C&EN to Open News Bureau in Japan in January CHEMICAL
AND
ENGINEERING
NEWS
will open a news bureau in Japan on Jan. 1, 1965. It will be the first American chemical magazine to have a fulltime editor in the Far East. The new bureau, to be located in Tokyo, will be manned by Patrick P. McCurdy. Mr. McCurdy is now head of C&EN's news bureau in Frankfurt, West Germany. H. Clifford Neely, who arrived in Frankfurt last week from his former job as assistant editor in C&EN's Pittsburgh bureau, will replace Mr. McCurdy as assistant editor in Frankfurt. C&EN thus continues its pioneering role in reporting at first hand the news of international developments, both industrial and scientific. It, along with two other Applied Publications of the American Chemical Society (Industrial and Engineering Chemistry and Analytical Chemistry), led the way among chemical publications with the first full-time international editor in Europe (London in 1950). C&EN added a second man to the European staff in 1959, then opened a second office there in 1961 (in Frankfurt, West Germany). And Now Japan. The new Tokyo office is the next logical step in C&EN's goal of keeping pace with international progress. Western Eu-
rope emerged first in the postwar years, and now Japan is the word on many lips. Rising from almost total destruction a short 18 years ago, Japan ranks among the top 10 chemical powers, both industrially and scientifically. Its chemical leaders have been most aggressive on the international scene, with study teams and commercial and scientific missions in evidence wherever one travels in chemical circles in the Free World.

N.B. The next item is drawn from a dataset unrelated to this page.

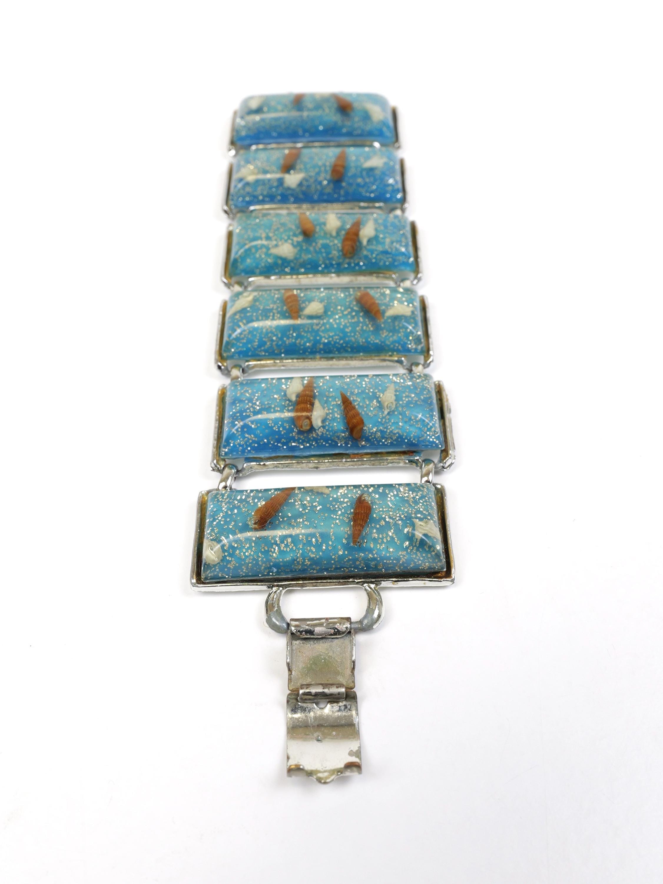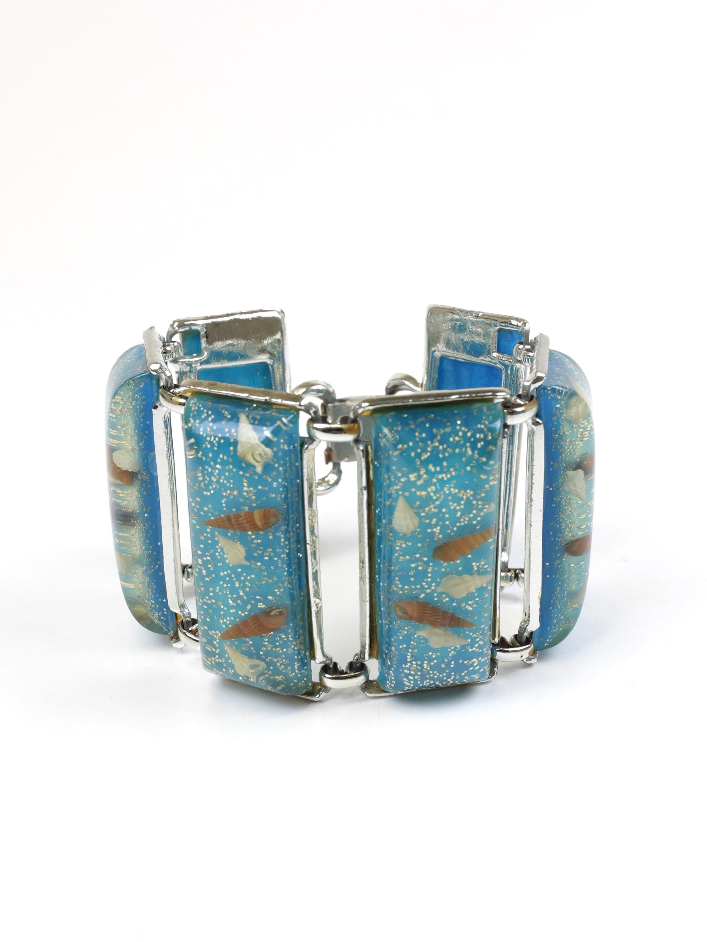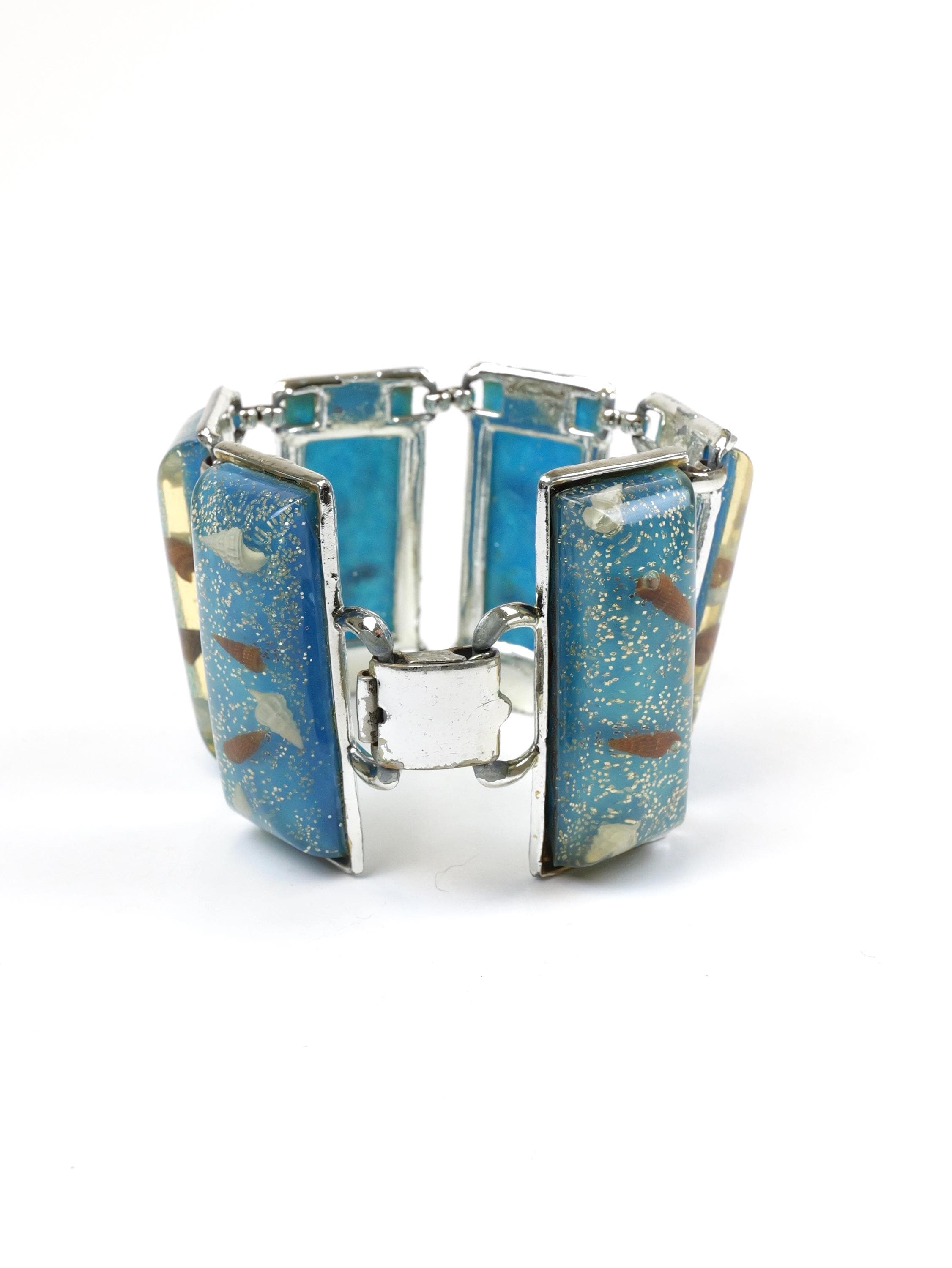 Uber wide clear acrylic and blue lucite seashell link bracelet. Unsigned. Circa 1950’s. Wide, eye catching bracelet. Cream and brown tiny seashells and silver confetti/sprinkles are sealed in acrylic and mounted in a silver tone frame. Playful, sea inspired, statement jewelry. In good condition. There is some silver plating loss on the links and clasp mechanism. 7 1/2” long, each link is 2” x 7/8".
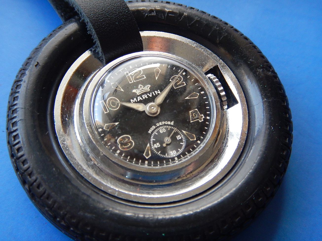 RARE MONTRE MARVIN TYRE PNEU PORTE CLEFS ANNÉES 40 SUPERBE ÉTAT GARANTIE 2 ANS 365.00 € Catégorie : Montres de collection Contactez-nous Contactez-nous pour acheter RARE MONTRE MARVIN TYRE PNEU PORTE CLEFS ANNÉES 40 SUPERBE ÉTAT GARANTIE 2 ANS Votre nom Votre e-mail Votre numéro de téléphone Votre message (facultatif) Description HISTOIRE D’UNE GRANDE MANUFACTURE SUISSE En 1850, les frères Marc et Emmanuel Didisheim créent un comptoir horloger à Saint-Imier, au cœur de l’arc jurassien, berceau de l’horlogerie suisse. Saint-Imier possède une longue tradition horlogère. Les premières pièces d’horlogerie y apparaissent dès 1720, et le rythme s’accroît à partir de 1770. A l’époque, la grande majorité des horlogers ne manufacture qu’une partie de la montre, souvent des boites or ou argent, livrées à des « termineurs », à la Chaux de Fonds ou au Locle. A partir de 1800, la cité développe le système de l’établissage : Dans de petits ateliers ou à domicile, les horlogers travaillent artisanalement des composants pour des fabricants locaux qui fournissent les ébauches. Ces derniers font ensuite terminer les montres dans leur comptoir, par du personnel spécialisé et assurent la commercialisation. C’est dans ce contexte que les frères Didisheim ouvrent leur comptoir. Pour attirer le marché américain avec une marque plus résonnante, l’entreprise prend le nom de leur distributeur américain. À partir de 1905, le nom Marvin est introduit, toujours exploité par les Didsheims, avec leur production déplacée de Berne à La Chaux-de-Fonds. En 1970 Marvin suscite l’intérêt de plusieurs repreneurs. Elle rejoint ainsi le groupe MSR (Manufactures d’horlogerie Suisses Réunies) en 1973. Tout en continuant à produire ses propres collections, elle fournit des mouvements à Revue Thommen et Vulcain, autres marques du Groupe. La marque Marvin sera ensuite développée par un groupe italien qui réhabilitera ses modèles phares, la Gauche, la Saltarello, la Gyroplan … et sa tradition des mouvements mécaniques. POURQUOI INVERTIR DANS LE TEMPS ? De tout le domaine horloger, la montre ancienne est certainement l’objet le plus collectionné. Les premières montres portables datent du début du XVIe siècle, quand les artisans horlogers se mirent à réaliser des réductions d’horloges de table, devenues transportables grâce à l’invention du ressort. Certains historiens pensent que le besoin d’une horloge mobile venait des riches marchands de la Renaissance. Ils avaient à connaître l’heure dans leur « voiture » qui leur tenait lieu de bureau. La montre de carrosse naquit de ce besoin. La montre pendentif, puis la montre de poche n’en seraient que la réduction. Les premières montres sont rarement signées. Ce n’est qu’en fin du XVIIe siècle qu’apparaissent quelques mouvements signés (sur les montres de grands horlogers du type Breguet, Leroy, Patek Philippe…). Au fil du XVIIIe siècle on trouve de plus en plus fréquemment une signature sur le cadran et sur le mouvement. Au XIXe on la trouve parfois sur le boîtier ou sur le couvercle intérieur. La signature de la montre est aujourd’hui un important critère pour le collectionneur car elle permet de situer précisément l’époque, le contexte et le lieu, car on dispose d’un nombre étonnant de renseignements sur certains horlogers. « MARVIN TYRE », LA MONTRE/PNEU CRÉÉE À LA FIN DES ANNÉES 30 Voici donc un garde temps qui amuse et déclenche de la curiosité. Oui, c’est une montre/pneu… un sacré chef-d’œuvre de marketing. La montre « Marvin Tyre » a été créée dans les années 1930 par René Didisheim et représente un hommage à la passion de la famille pour les voitures. L’idée de base était d’attirer l’attention des amateurs de moteurs qui ont une profonde affection pour leurs voitures. Le lancement de la montre pneumatique était un pur pari qui a finalement atteint le jackpot. Les premiers grondements ont été entendus en Italie, où Marvin vendait 500 montres par an. La montre pneu a été commercialisée pendant quelques mois. L’année suivante, les ventes sur ce marché ont dépassé 10.000 montres. Au vue de ces nombreuses commandes, la publicité s’est étendue à l’échelle internationale, entraînant des commandes en provenance de tous les horizons, la France, l’Autriche, les États-Unis et l’Inde … Une grande partie de ce succès fut le résultat du partenariat stratégique de Marvin avec la compagnie aérienne KLM à partir de 1955. Les hôtesses de l’air portaient une montre à clip sur le revers de leurs uniformes, c’était « une variation » de la célèbre montre pneu. Je vous invite à découvrir mes photos de nombreuses publicités, promues avec le célèbre Flying Dutchman, la montre officielle des pilotes d’avion néerlandais. Marvin « Le cadeau d’anniversaire idéal ! Savez-vous que plus de 77000 automobilistes portent une montre à pneus Marvin attachée à la clé de contact de leur voiture… et parmi eux les célèbres as de la course : Fangio, Toulo de Graffenried, Tony Rolt, Hamilton, John Fitch ! » La montre Marvin Tyre était proposée en or, en plaqué or laminé ou en chrome avec un cadran noir ou argenté, certains même avec un certificat officiel de chronomètre. Certains modèles pouvaient se déplier de l’intérieur du pneu et se positionner debout, comme une horloge de bureau. Les clients pouvaient choisir entre des pneus noirs, blancs, verts ou bleus. DESCRIPTION ET CARACTÉRISTIQUES TECHNIQUES Période de fabrication : Modèle des années 40. Dimensions : diamètre 53 mm et 12,5 mm d’épaisseur verres compris. Boîtier : un objet très audacieux. il fallait y penser, ce que vous voyez sur mes photos n’est rien de plus qu’un mouvement de montre classique derrière du plexiglas planté dans la jante d’un petit pneu en caoutchouc signé MARVIN. La « jante » est en

Japan is now the U.S.'s second largest chemical customer ($157.3 million worth of purchases last year and second to Canada's $301 million). As Virginia Kinnard wrote in her article in C&EN's annual Facts and Figures issue early last month (C&EN, Sept. 7, page 87), "As Japanese industry grows, it will continue to buy more intermediates and semifinished products. Demand for chemicals from the other industries is increasing sharply, particularly from consumer products manufacturers." Japanese science and technology have also made important strides since the war. About 7% of the abstracts in Chemical Abstracts are now based on articles in Japanese periodicals, and Japanese scientists also contribute to journals of other countries. Technology has been exchanged at a high rate between U.S. and Japanese companies, and many U.S. firms have set up joint ventures or established subsidiaries in Japan. C&EN's expansion into Japan is the latest in a series of bureau expansions spanning two decades. The first group of bureaus consisted of New York (1944), Chicago (1945), Houston (1946), and San Francisco (1946). London followed in 1950 and Frankfurt in 1961. Within the past three years C&EN has opened domestic news bureaus in Philadelphia (1961), Los Angeles (1961), Cleveland (1962), and Pittsburgh (1962). When the new Tokyo office is operating, C&EN will have 22 technical reporters manning offices in 12 cities in the U.S. and overseas covering news of chemical science and industry. In addition, a staff of 18 technical editors works in the headquarters office in Washington, D.C. In Tokyo Mr. McCurdy will report on what the Japanese are doing in their own country that will affect American scientists and industrialists. He will also cover news about Japan's actions in the Far East and the rest of the Free World.